_Instructions to follow_
The entries below contain a line with "Снова перемешиваем и" and a line with "충전 3번하고 환전 한번". Quote exactly those two lines and all lines between them.

_Available records_
· · ·

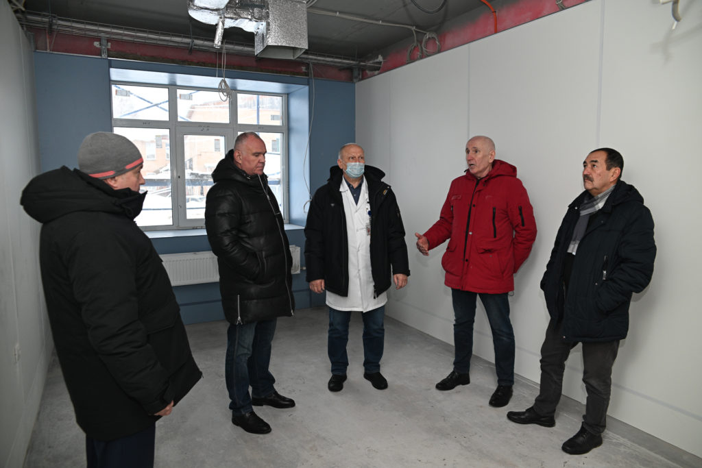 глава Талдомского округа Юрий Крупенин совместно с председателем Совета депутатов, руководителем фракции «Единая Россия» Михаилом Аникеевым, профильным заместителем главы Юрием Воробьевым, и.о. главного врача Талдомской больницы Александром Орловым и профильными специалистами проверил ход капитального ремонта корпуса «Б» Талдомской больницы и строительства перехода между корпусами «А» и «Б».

· · ·

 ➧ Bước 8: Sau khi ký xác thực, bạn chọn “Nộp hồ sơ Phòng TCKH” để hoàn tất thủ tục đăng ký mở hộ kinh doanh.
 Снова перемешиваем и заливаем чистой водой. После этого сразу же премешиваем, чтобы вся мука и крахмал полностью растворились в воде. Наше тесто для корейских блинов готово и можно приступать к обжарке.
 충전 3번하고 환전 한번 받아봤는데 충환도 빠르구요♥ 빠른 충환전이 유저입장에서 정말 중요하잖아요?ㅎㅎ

· · ·

_Task solution_
 Снова перемешиваем и заливаем чистой водой. После этого сразу же премешиваем, чтобы вся мука и крахмал полностью растворились в воде. Наше тесто для корейских блинов готово и можно приступать к обжарке.
 충전 3번하고 환전 한번 받아봤는데 충환도 빠르구요♥ 빠른 충환전이 유저입장에서 정말 중요하잖아요?ㅎㅎ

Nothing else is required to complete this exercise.